:: Dataset section ::

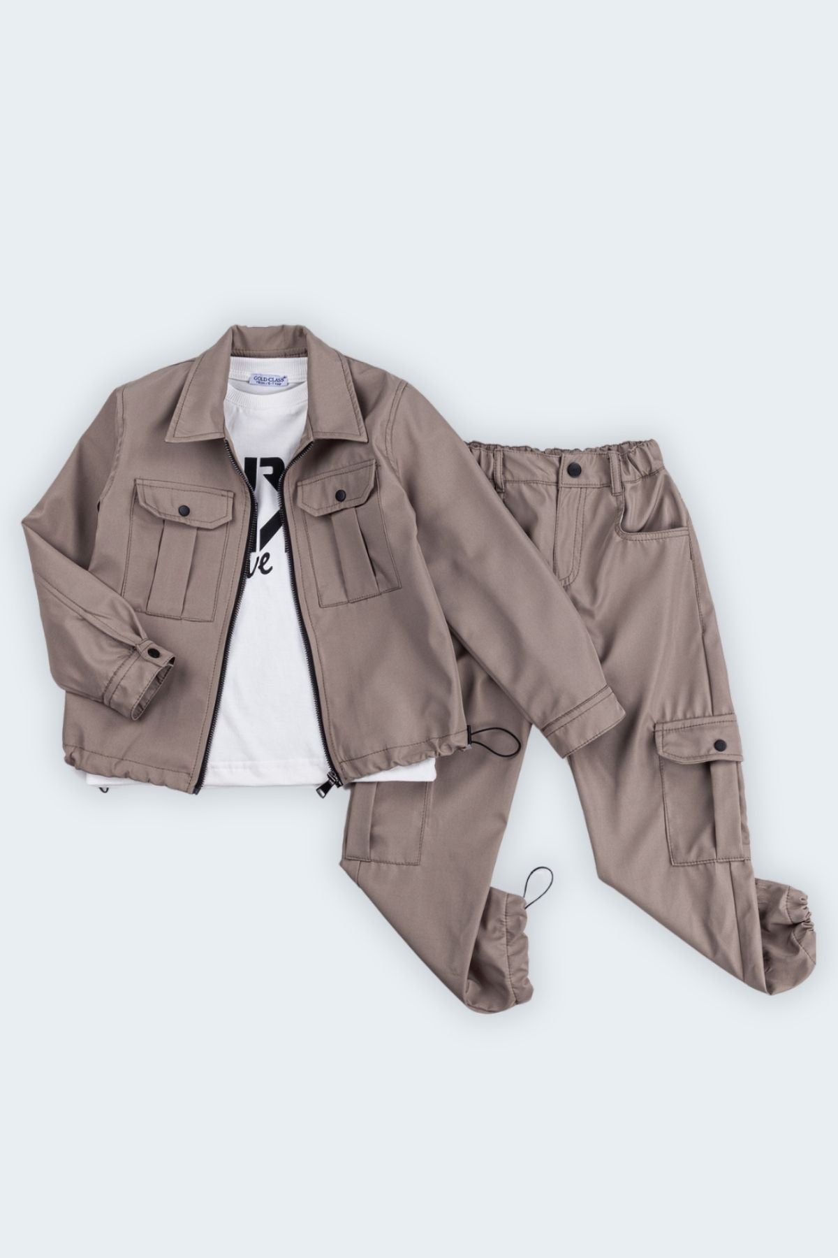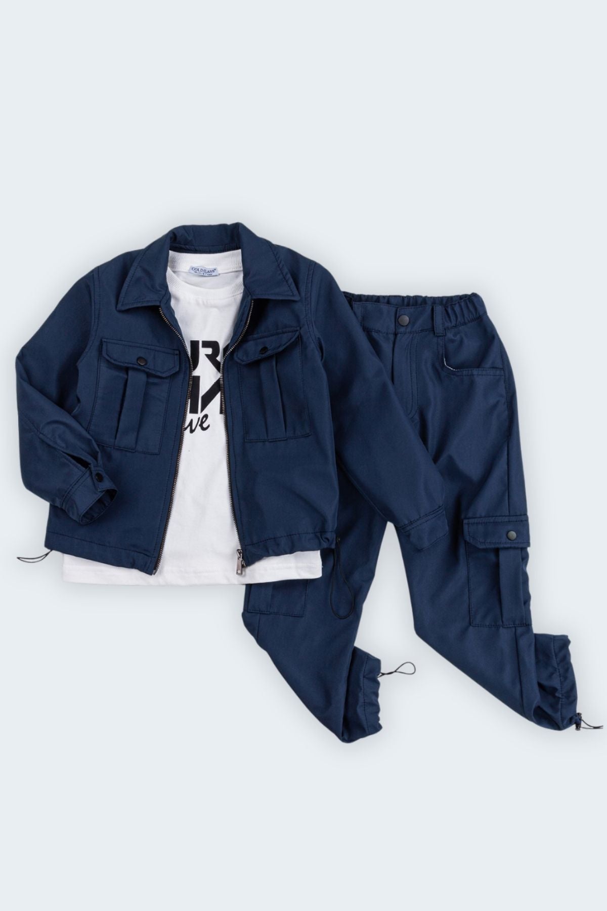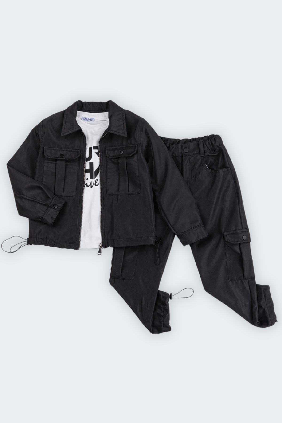 Çift Göğüs Cepli Su Geçirmez 3'lü Erkek Çocuk Ceketli Takım
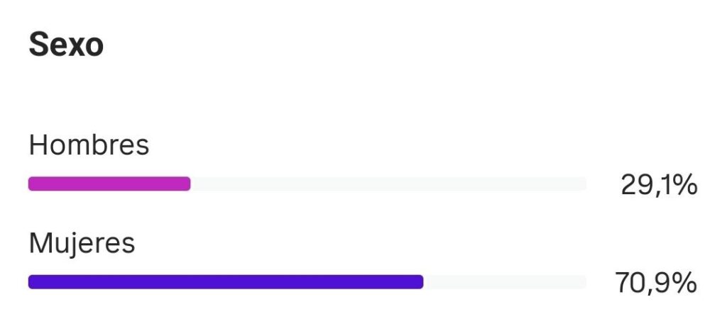 Este es el balance de mis seguidores, el 70% son mujeres
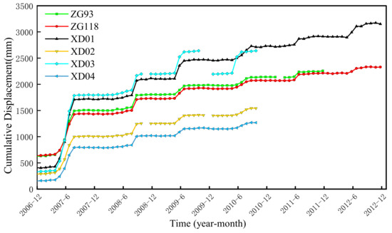 The experimental area is located in Baishuihe, Zigui County, the Three Gorges Reservoir area of the Yangtze River in China. The Baishuihe landslide is located on the south bank of the Yangtze River, with a longitude of 110°32′09″ and a latitude of 31°01′34″ (Figure 6a). The slope is located on the south bank of the Yangtze River, spreading towards the Yangtze River in a ladder shape. The elevation of the back edge of the landslide is 410 m, bounded by the rock-soil boundary, and the front edge is about 70 m. It has been submerged below the reservoir water level. The east and west sides are bounded by bedrock ridges, and the overall slope is about 30°. The length of the north-south direction is 600 m, the width of the east-west direction is 700 m, the average thickness of the sliding body is about 30 m, and the volume is 1.26×107 m3. Six Global Navigation Satellite System (GNSS) deformation monitoring points were installed on the surface of the landslide to form three longitudinal monitoring profiles (Figure 6b). The displacement was monitored once a month. Figure 7 shows the calculated displacement results from December 2006 to December 2012.

:::

Exercise description: Every line above is to be repeated exactly, but no picture is to appear in the copy.

Result of this task:
 Çift Göğüs Cepli Su Geçirmez 3'lü Erkek Çocuk Ceketli Takım
 Este es el balance de mis seguidores, el 70% son mujeres
 The experimental area is located in Baishuihe, Zigui County, the Three Gorges Reservoir area of the Yangtze River in China. The Baishuihe landslide is located on the south bank of the Yangtze River, with a longitude of 110°32′09″ and a latitude of 31°01′34″ (Figure 6a). The slope is located on the south bank of the Yangtze River, spreading towards the Yangtze River in a ladder shape. The elevation of the back edge of the landslide is 410 m, bounded by the rock-soil boundary, and the front edge is about 70 m. It has been submerged below the reservoir water level. The east and west sides are bounded by bedrock ridges, and the overall slope is about 30°. The length of the north-south direction is 600 m, the width of the east-west direction is 700 m, the average thickness of the sliding body is about 30 m, and the volume is 1.26×107 m3. Six Global Navigation Satellite System (GNSS) deformation monitoring points were installed on the surface of the landslide to form three longitudinal monitoring profiles (Figure 6b). The displacement was monitored once a month. Figure 7 shows the calculated displacement results from December 2006 to December 2012.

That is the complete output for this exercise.